(Data entries)

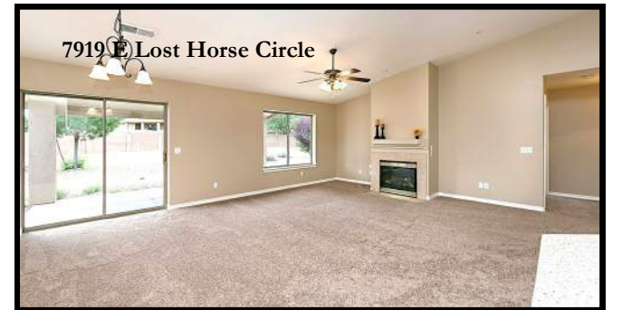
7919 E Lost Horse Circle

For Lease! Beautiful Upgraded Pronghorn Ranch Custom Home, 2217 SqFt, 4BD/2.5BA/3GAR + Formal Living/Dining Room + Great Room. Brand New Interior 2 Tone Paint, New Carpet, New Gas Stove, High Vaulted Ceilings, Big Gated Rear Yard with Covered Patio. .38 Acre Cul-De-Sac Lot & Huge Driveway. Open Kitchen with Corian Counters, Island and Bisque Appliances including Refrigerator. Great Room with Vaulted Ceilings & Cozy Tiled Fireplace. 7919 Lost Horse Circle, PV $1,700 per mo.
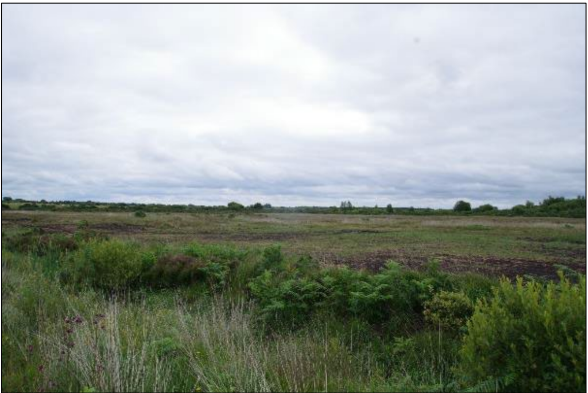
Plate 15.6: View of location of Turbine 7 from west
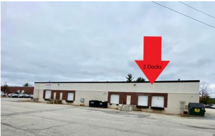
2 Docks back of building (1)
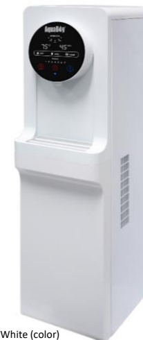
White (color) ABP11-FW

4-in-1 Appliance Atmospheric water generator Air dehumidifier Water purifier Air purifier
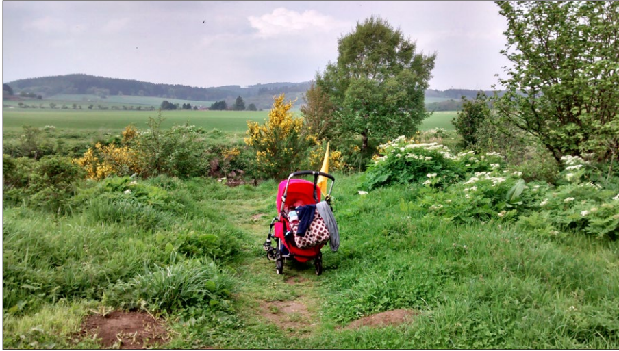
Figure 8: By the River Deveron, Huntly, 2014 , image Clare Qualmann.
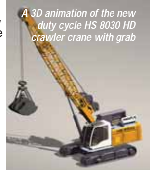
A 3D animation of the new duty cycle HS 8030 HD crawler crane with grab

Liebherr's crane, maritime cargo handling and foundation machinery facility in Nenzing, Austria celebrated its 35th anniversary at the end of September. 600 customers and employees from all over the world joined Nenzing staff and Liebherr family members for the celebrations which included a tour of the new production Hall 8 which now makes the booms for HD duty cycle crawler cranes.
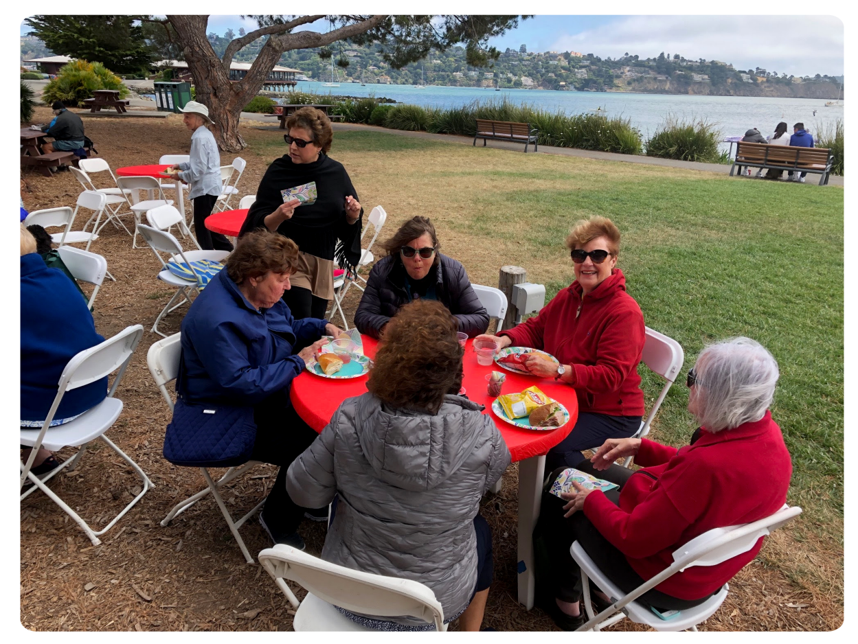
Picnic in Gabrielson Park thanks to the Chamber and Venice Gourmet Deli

## WHAT YOU WILL DO
Number of lines above containing "duty": give it, with no other text.

## FINAL ANSWER
2